HOW TO COMPLETE THIS TASK: Print the entries below exactly as they appear, from the first line up to and including the line with "Downtown Millbrook". Do not print any pictures.

INFORMATION SHOWN:
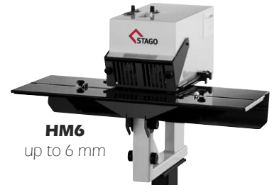
HM 6 up to 6 mm
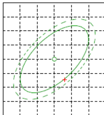
LUMINOUS INTENSITY DISTRIBUTION DIAGRAM
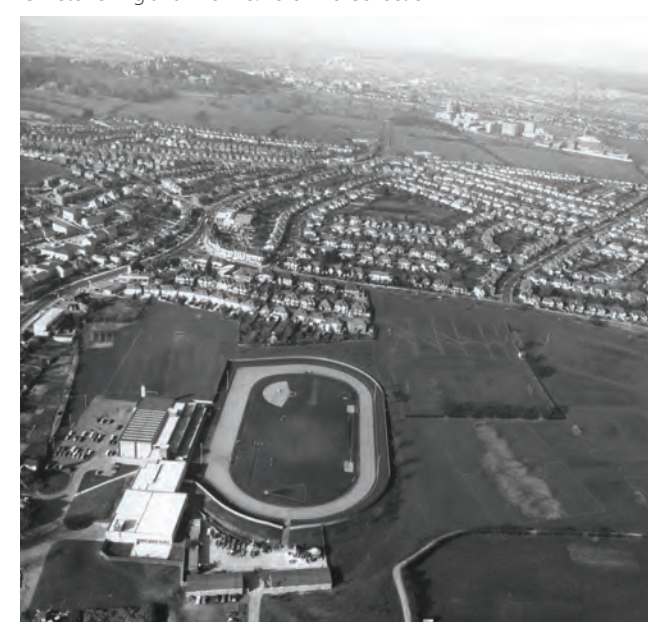
Aerial view of North Wembley - Vale Farm Sports Ground, Sudbury Court Estate behind, Harrow hill rear left 1983
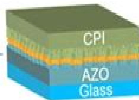
Coating of CPI
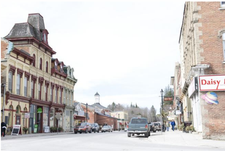
Downtown Millbrook

Ownership of the Millbrook Correctional Facility: While the redevelopment of the Millbrook Correctional Facility has been identified by the community as a priority area for Cavan Monaghan, this site is not under the control of the Municipality as it is owned by the Ontario Realty Corporation. Until the Phase II Environmental Site Assessment (EA) 4 for the property is complete, the Township will have limited influence on the timing of any future use of the site.
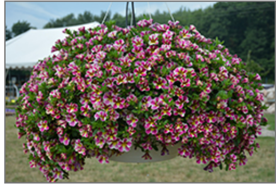
Candy Shop Fancy Berry Calibrachoa in bloom
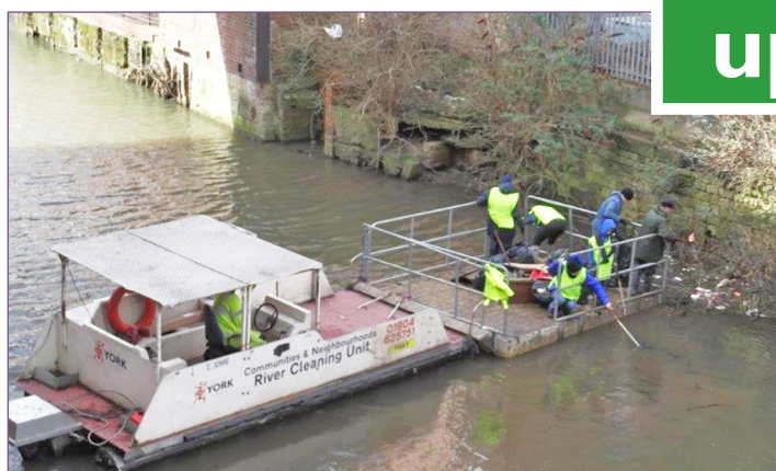
Top left: many bags were filled; top right: one volunteer worked in the nature reserve; below: the boat performs a tricky manoeuvre
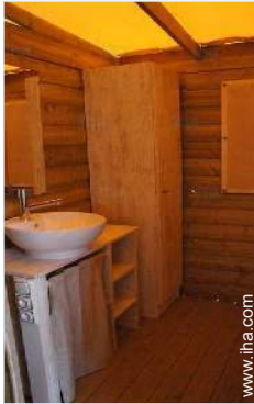
Guest facilities and furnishings
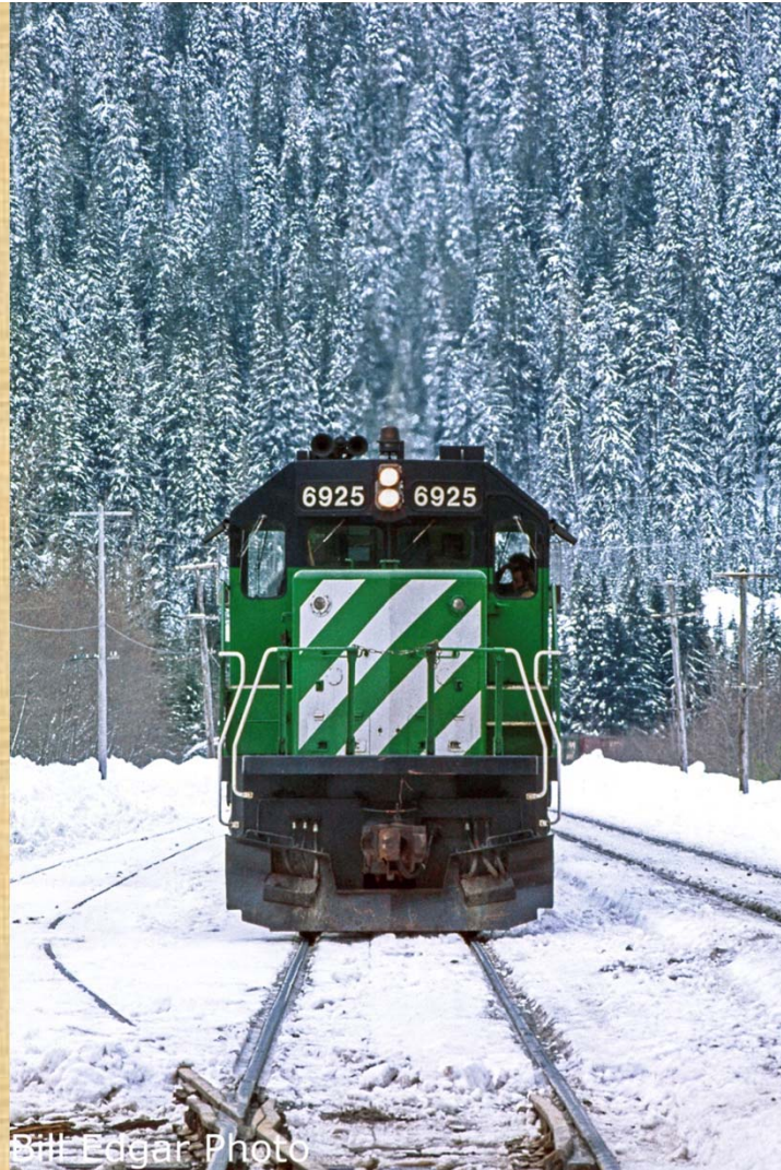
BN 6925, SD40-2 STOPS AT SCENIC TO WAIT FOR A WESTBOUND TRAIN TO EXIT THE CASCADE TUNNEL. FEB 22, 1975. IT WILL BORROW A UNIT FR. THE WB.

OUTPUT OF THE EXERCISE:
HM 6 up to 6 mm
LUMINOUS INTENSITY DISTRIBUTION DIAGRAM
Aerial view of North Wembley - Vale Farm Sports Ground, Sudbury Court Estate behind, Harrow hill rear left 1983
Coating of CPI
Downtown Millbrook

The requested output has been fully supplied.